Ceza alacağını zannediyordu, yıl sonu töreninde tiyatro oyunu sergiledi
Doğum gününde kılık değiştirerek sahnelediği bir oyunun önünü açtığını ifade eden Toprak, "Emniyet müdürünün kulağına gidiyor, sonrasında beni odasına çağırıyor. 'Okul müdürü neden çağırıyor?' diye çok korktum. 'Gel kızım' diye beni yanına çağırdı. Ceza ve uyarı alacağımızı zannettim. 'Yıl sonu geliyor, aynısını okulun bittiği gün törende yapacaksın' deyince kız arkadaşımla beraber o küçük skeci oynadık" dedi.
"Şiddet mağdurlarında sanatın iyileştirici yönü var"
Şiddet gören çocukların sosyal gelişimini sürdürebilmesinde tiyatronun iyileştirici bir yönü olduğuna dikkati çeken Toprak, "Çocuklar oyunlarla neyin doğru, neyin yanlış olduğuna dair farkındalık kazanıyor. Peki çocuklar şiddete uğradı, ne yapmak gerekiyor? Bunların bir de rehabilitasyon süreci olması lazım. Onun için tiyatro dedim.

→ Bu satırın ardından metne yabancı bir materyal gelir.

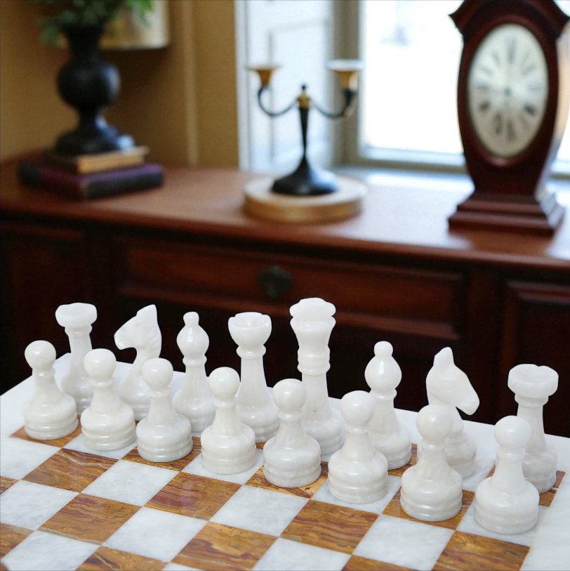 Marble Hives Luxury Handmade Marble Chess Set -White and Brown -10 Inch
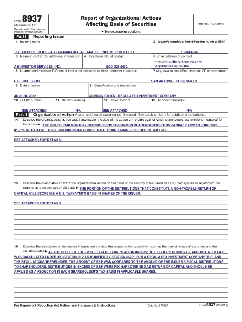 8937Report of Organizational Actions Affecting Basis of SecuritiesForm (December 2017) Department of the Treasury Internal Revenue Serviceman Ia See separate instructions. Reporting Issuer1 Issuer\'s
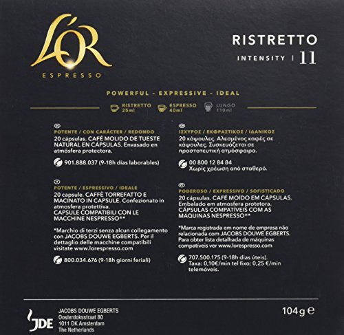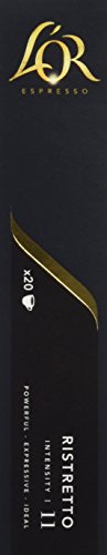 Café L’OR Espresso Ristretto 20 cápsulas, intensidad 11. Cápsulas de aluminio compatibles con cafeteras Nespresso.
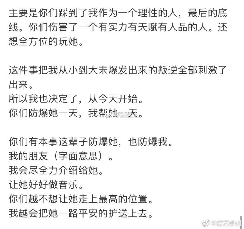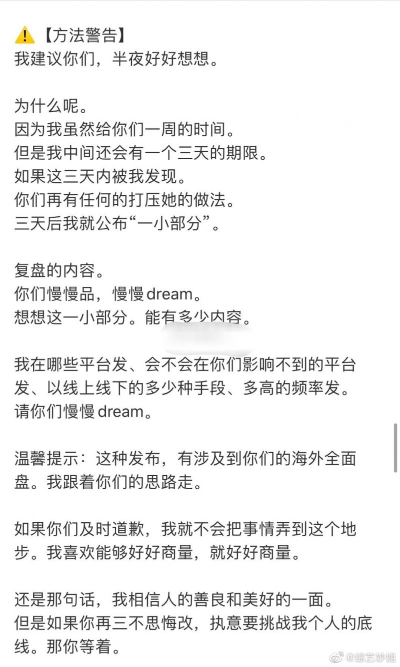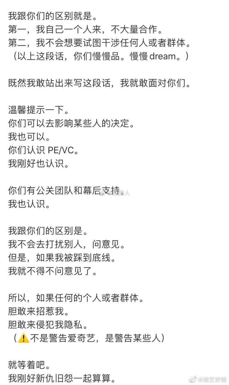 该网友在长文中也炫耀自己的社会地位和强大的人脉关系,表示自己可以影响投资者的决定,圈内人脉资源也很广,对娱乐圈的各类套路都非常了解,“你们有公关团队和幕后支持,我也认识”。
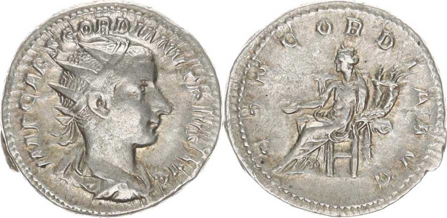 Gordianus III. (238-244), Antoninián, sedící Concordia zleva drží obět.misku a dvojitý
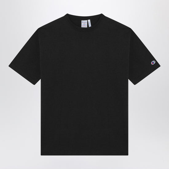 Black cotton Champion crew-neck T-shirt, featuring short sleeves with small logo patch and straight hem.
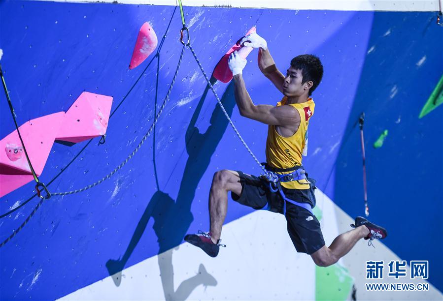 9月28日,中国香港攀山及攀登总会代表队选手陈翔志在男子难度赛决赛中。最终,陈翔志获得该项目冠军。 当日,第26届全国攀岩锦标赛男子难度赛决赛在贵州省黔西南布依族苗族自治州安龙县举行。 新华社记者陶亮摄
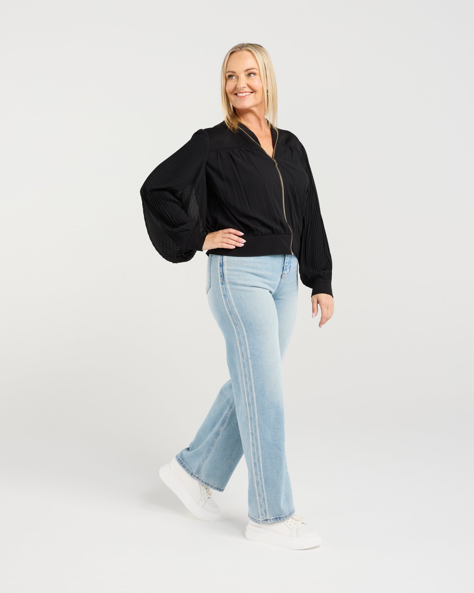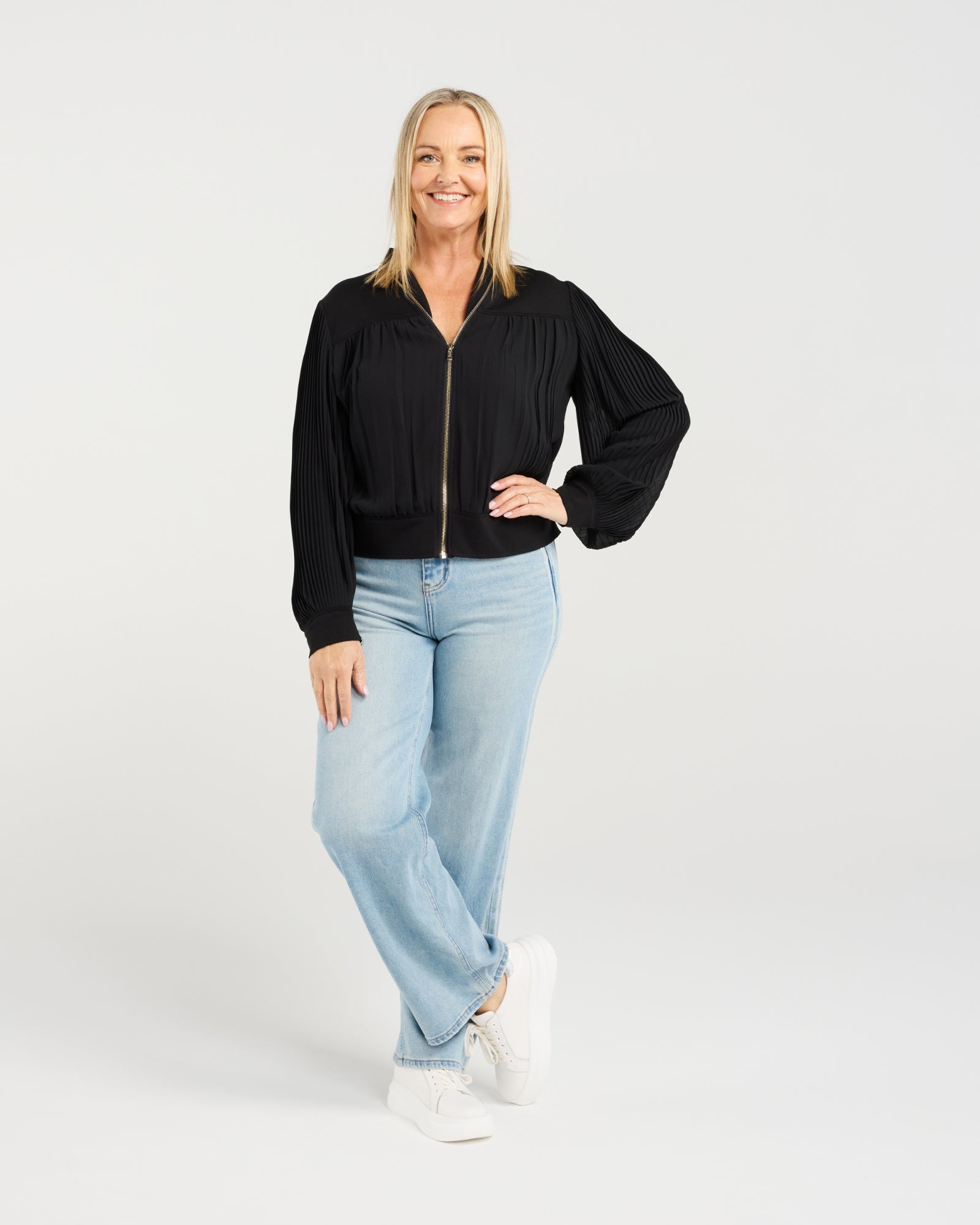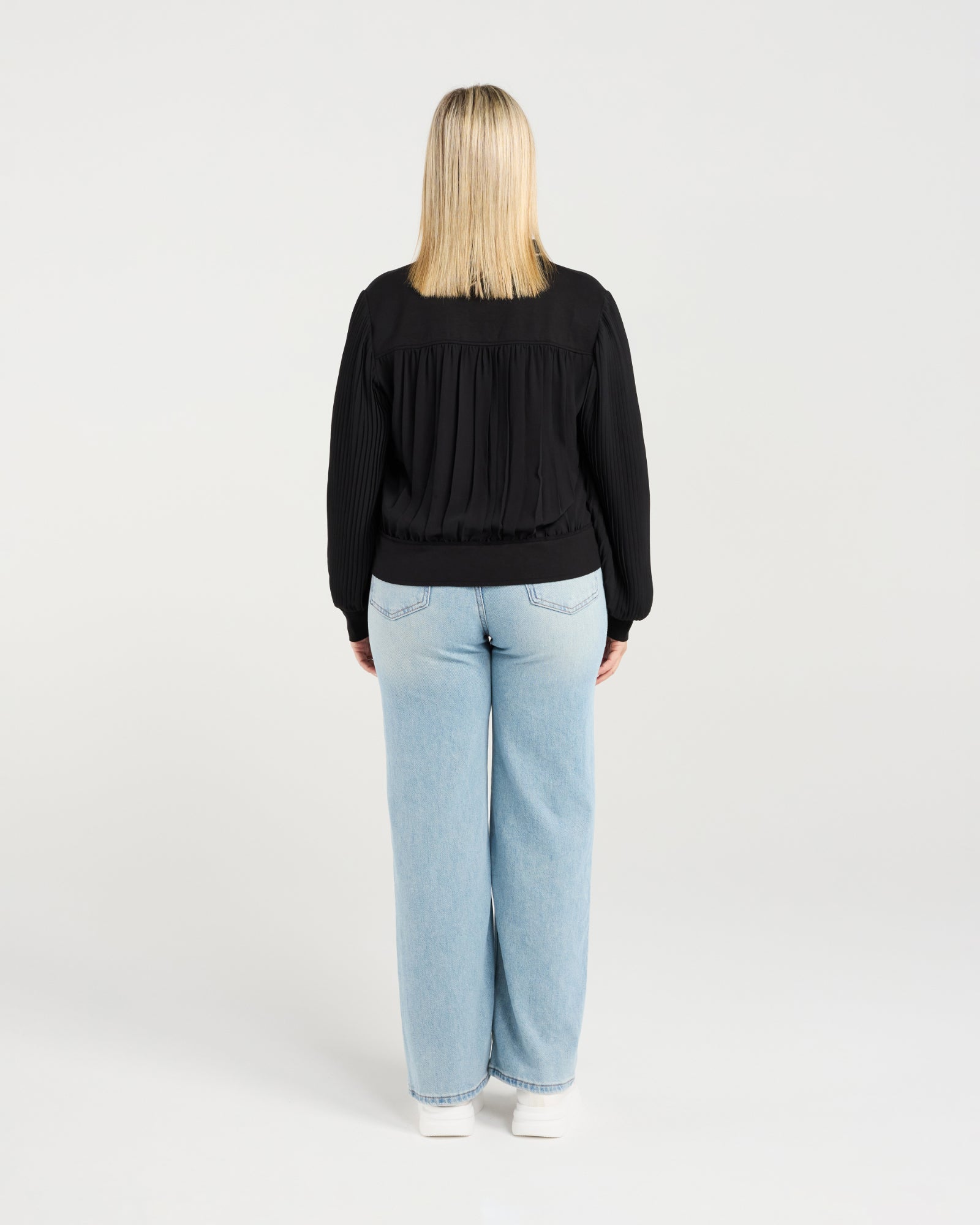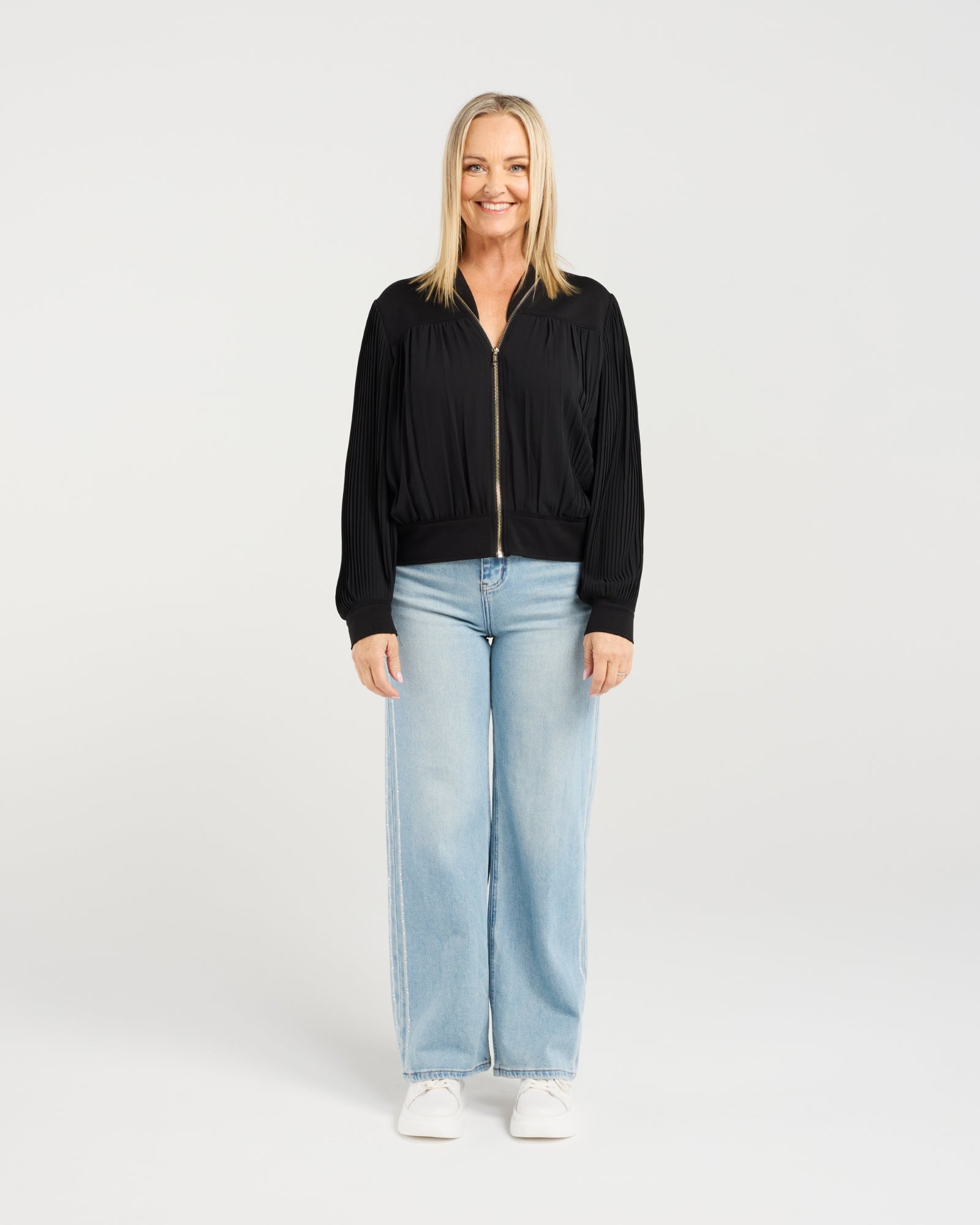 A luxurious bomber jacket designed with an elegant, flowy feel, crafted from beautifully draped chiffon fabric. Voluminous, airy sleeves create soft movement, giving the classic bomber silhouette an elevated and contemporary twist. Finished in timeless black, this standout layering piece pairs effortlessly with any winter look while adding refined visual impact.

Özellikle çocuklarımızın kendilerini anlatabilmeleri, dil gelişimini sürdürebilmeleri ve daha özgüvenli olabilmeleri için sanat diyorum" diye konuştu.
Toprak, çocuk güvenliği, cinsel istismar ve trafik kuralları gibi konuları içeren çocuk oyunlarının senaryosunun uzman ve psikologların danışmanlığında yazıldığını vurgulayarak, çocukları cinsel istismara karşı bilinçlendirmek amacıyla yazılan "Farkındayım Aldanmam" oyununun, çocuklarla ve ebeveynlerle sıcak ilişkide bulunmak için fırsat yarattığını ifade etti.
"Oyunu izleyen çocukların anlatmasıyla istismar vakaları ortaya çıktı"
Oyunu izleyen çocukların anlatmasıyla ortaya çıkan vakalar olduğunu söyleyen Toprak, "İyi dokunuş ve kötü dokunuşu anlatırken çocuk farkına varıyor ve geliyor. Sonrasında 'Cadı Teyze bana şöyle dokunuyordu, beni rahatsız ediyordu, böyle bir şey var mı?' diye üstüne gittiğimizde olay ortaya çıkıyordu. Hem içimiz sızlayarak hem de mutlu bir şekilde çünkü eğer ki çocuk farkında olmamış olsaydı belki daha farklı yerlere gidecekti" diye konuştu.